At least the constable appeared to have put Appleby low on his list for interrogation. He had perhaps provisionally concluded that Appleby was a valet or a footman. He was busy at the moment questioning Professor Snodgrass, and was receiving most of the replies from Dr Absolon, who had clearly decided that the distressed uncle of the dead man still needed all the support he could get. Appleby took the opportunity to move over to Plumridge, and murmur that he would appreciate a few words with him in the library. And Plumridge gave him a single swift glance, nodded, and followed him down the quadrant corridor.
‘I recognize you,’ Plumridge said briskly. ‘I’ve a memory for faces, and even for photographs. Sir John Appleby, isn’t it? Has trouble been expected here? Did they persuade you to come along? It can’t be. It doesn’t make sense.’
‘Quite right. It’s sheer chance. I walked into this house in the middle of the night, my dear Doctor, and found myself in the middle of all this. Of course, I’ve no title to ask questions; only to answer them. Presently some police inspector will arrive; and he’ll either be extremely cross that I’m here at all, or take it for granted that I’ll clear the affair up for him before breakfast. Either reaction will be vexatious. Still, it’s a fair cop.’
‘I think you mean that you propose to have a go. But is there all that to have a go at? The affair has had a horrible end, but it doesn’t strike me as having any great puzzle element to it. Thieves panic-stricken when surprised, and ruthless enough and stupid enough to kill somebody.’
‘May I meet your question with another one?’ They had reached the library door, and Appleby stood aside to let Plumridge enter first. It was as if he were coming to feel himself in at least the temporary position of a host at Ledward. ‘You say you have a memory for faces, and you’ve certainly remembered mine from a magazine or newspaper. What about Adrian Snodgrass? I take it you knew him a long time ago?’
‘Dear me, yes. I’ve been in practice in this corner of England for more than forty years. I knew Adrian as a boy.’
‘Very good. And this
is
Adrian?’
‘I beg your pardon?’ There was astonishment in Plumridge’s voice.
‘We’re talking about faces. There’s the remains of a face in this house now.’ Appleby said this grimly and without pleasantry. ‘Are you quite sure it belongs to somebody whom I gather you’re unlikely to have seen over the past ten years or so?’
‘Good Lord!’ For a moment Plumridge was silent. ‘Yes, I think I am.’
‘That sounds like only a qualified certainty.’
‘I suppose it is, Sir John. But consider how instantly your question has me asking whether I have taken something for granted. Here is this daft annual occasion at Ledward… By the way, I suppose you know about it?’
‘Indeed I do. And it’s my growing impression that a great many other people do as well.’

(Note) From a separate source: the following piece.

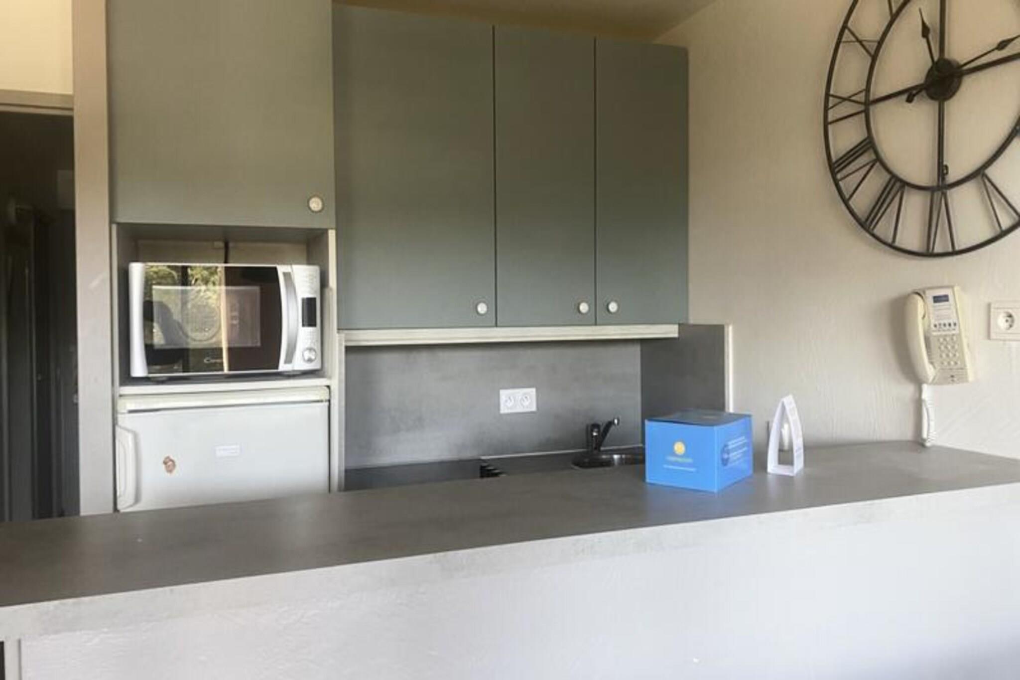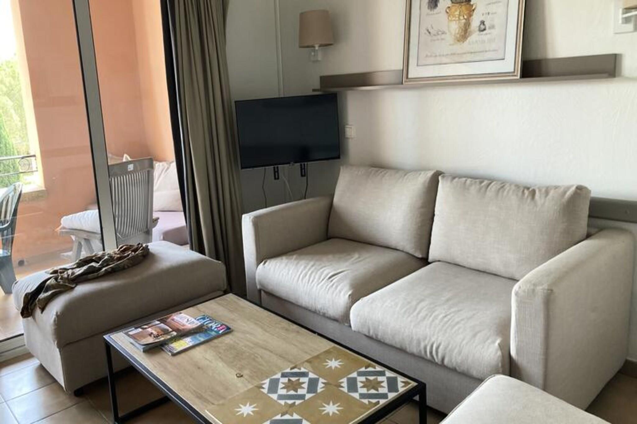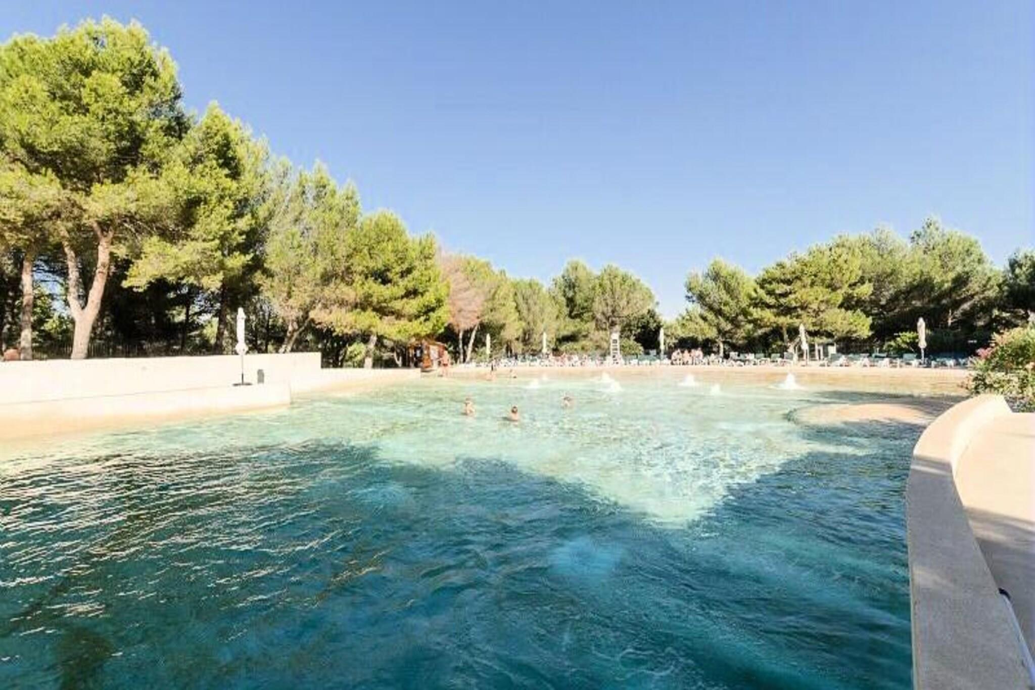 Denne hyggelige lejlighed har plads til op til 6 gæster med en dobbeltseng, køjesenge og to sovesofaer (en med en udtræksseng). Kæledyr er tilladt mod et ekstra gebyr. Sengetøj er inkluderet, og håndklæder er tilgængelige mod et ekstra gebyr. En obligatorisk slutrengøring er påkrævet, med mulighed for daglig rengøring mod et ekstra gebyr. Der opkræves også et depositum ved ankomst. Lejligheden ligger i en fodgængerlandsby tæt på forskellige aktiviteter såsom basketball, beachvolley, ridning og et ekspansivt vandområde med rutsjebaner og et bølgebassin. Gæsterne kan også nyde en 18-hullers golfbane og familieunderholdning. Nærliggende butikker og restauranter bidrager til bekvemmeligheden, og de smukke byer Aix-en-Provence og Avignon er inden for rækkevidde. Lejligheden har et veludstyret køkken åbent til stuen, to badeværelser (det ene med badekar, det andet med bruser og toilet) og en privat terrasse. Gæsterne har adgang til parkering, hvilket gør det nemt at udforske området. Uanset om du søger eventyr eller afslapning, tilbyder denne lejlighed alt til et mindeværdigt ophold.

‘I’d imagine you to be quite right in that. But here’s my point. At dinner tonight, as it happens, I said to my wife, “I wonder whether Adrian Snodgrass will turn up
this
time?” And he
does
turn up. This fellow Leonidas, that’s to say, tells me so on the telephone, and that the returned wanderer has been shot while trying to catch some thieves. I arrive and find what we know about. No doubt as to the dead man’s identity ever occurs to me. And then you fire that question at me! Naturally, I ask myself whether I can conceivably have been taking something for granted. But I don’t think it can be so. Indeed, I wonder how such a conjecture can have come into your head.’
‘It was into the vicar’s head that it came, as a matter of fact. I think it has gone out of it again now. But he started the hare that this whole business of a long-lost heir being expected home afforded an ideal spring-board, so to speak, for successful imposture. Some pretender has only to persuade the old Professor that he is Adrian, and he’s likely to be able to get away with a great deal.’
‘It’s an ingenious idea. But I doubt, Sir John, whether you are any more disposed to believe in it than I am. Still, we’ll
both
have to believe it if one very simple condition holds.’
‘What’s that?’
‘If that dead body proves not to have parted with its appendix. I remember sending Adrian into a nursing-home for an appendicectomy quite thirty years ago. It was uncommonly fashionable at that time. Shall we go back and have a look? I didn’t strip the poor chap down to his tummy.’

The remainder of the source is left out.